On Tuesday night I won the lottery. OK not really, but I was involved in an extremely low probability occurrence.

To briefly describe the event. We were going to see The Vaccines at Wolves Civic Hall, an indie rock band from West London with a fan base that is almost exclusively young. So our mere presence as a very small right hand tail of the audience age distribution was unlikely in itself.

The route, car used and departure time was dependent on a multitude of random decisions, chosen arbitrarily on the night.

How long it took to bribe the cat with extra food, which routes to take to avoid the traffic chaos that is currently Stafford town centre, how many cars to overtake, when safe and legal to do so and how many cars to let out from side roads.

Not my fault.
An hour after a journey that usually takes an hour in total we were still crawling through Stafford when the remnants of hurricane Barney deposited a six foot long tree branch onto the roof of my 2003 mini bought new on the same day England won the Rugby World Cup..

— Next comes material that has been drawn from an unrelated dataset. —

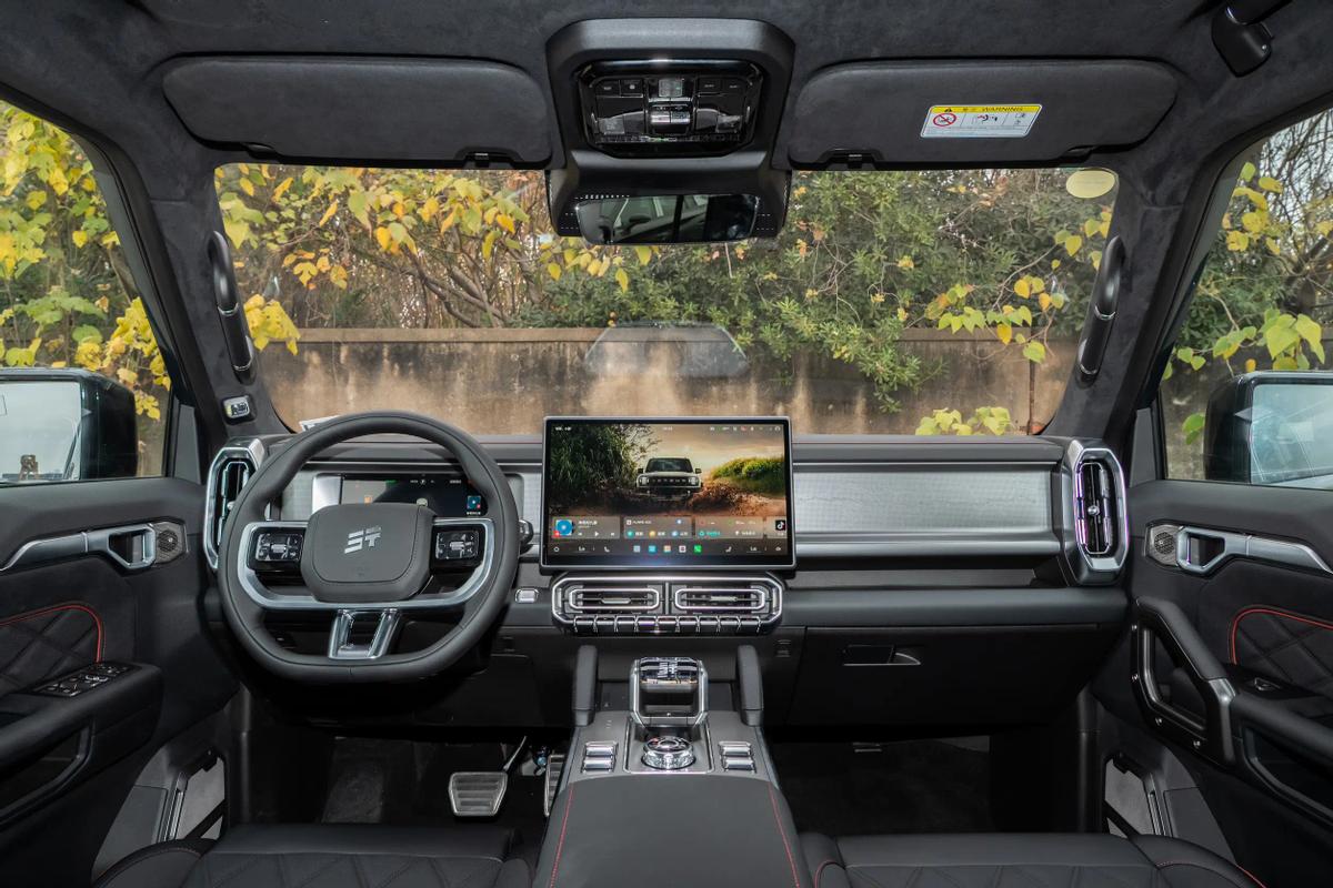 455kW的强大混合动力输出,让这款车在越野时能够轻松应对各种复杂路况。而可释放7700N·m轮端扭矩的设计,更是让这款车在脱困时表现出色。无论是泥泞路面还是沙石路面,都能轻松通过。在越野过程中,强大的扭矩输出可以让车辆轻松攀爬陡坡、穿越泥泞路段,不会出现打滑、陷车等情况。

There were no injuries, the car was driveable, but a total write off.

No other car I saw that night was driving around with recent storm damage and none of the drivers appeared particularly adept at dodging unseen projectiles. So I concluded that I'd been unlucky in the extreme. (although when you emerge unscathed from such incidents, you're invariably told how lucky you've been).

The chances that I was going to be on the wrong end of a tree branch on Monday prior to the event was very, very tiny.

Improbable, but not impossible and the same was true for everyone else on the road. But so many drivers were around that night across the path of Barney, each with a very small chance of getting written off that the chance that someone was going to suffer that fate was significant.

I was just the "lucky" one.

1 chance in 20 is often taken as the arbitrary measure of when something unseen is thought to be at play, such as talent to avoid flying trees or to score more goals than expected.

But unless there is corroborative evidence to back up the claim that an event is the product of additional skill and luck, it is worth seeing how many players are "on the road" in case you are simply seeing a notable and unlikely event that was almost bound to happen by chance to one of a numerous group of similarly talented individuals.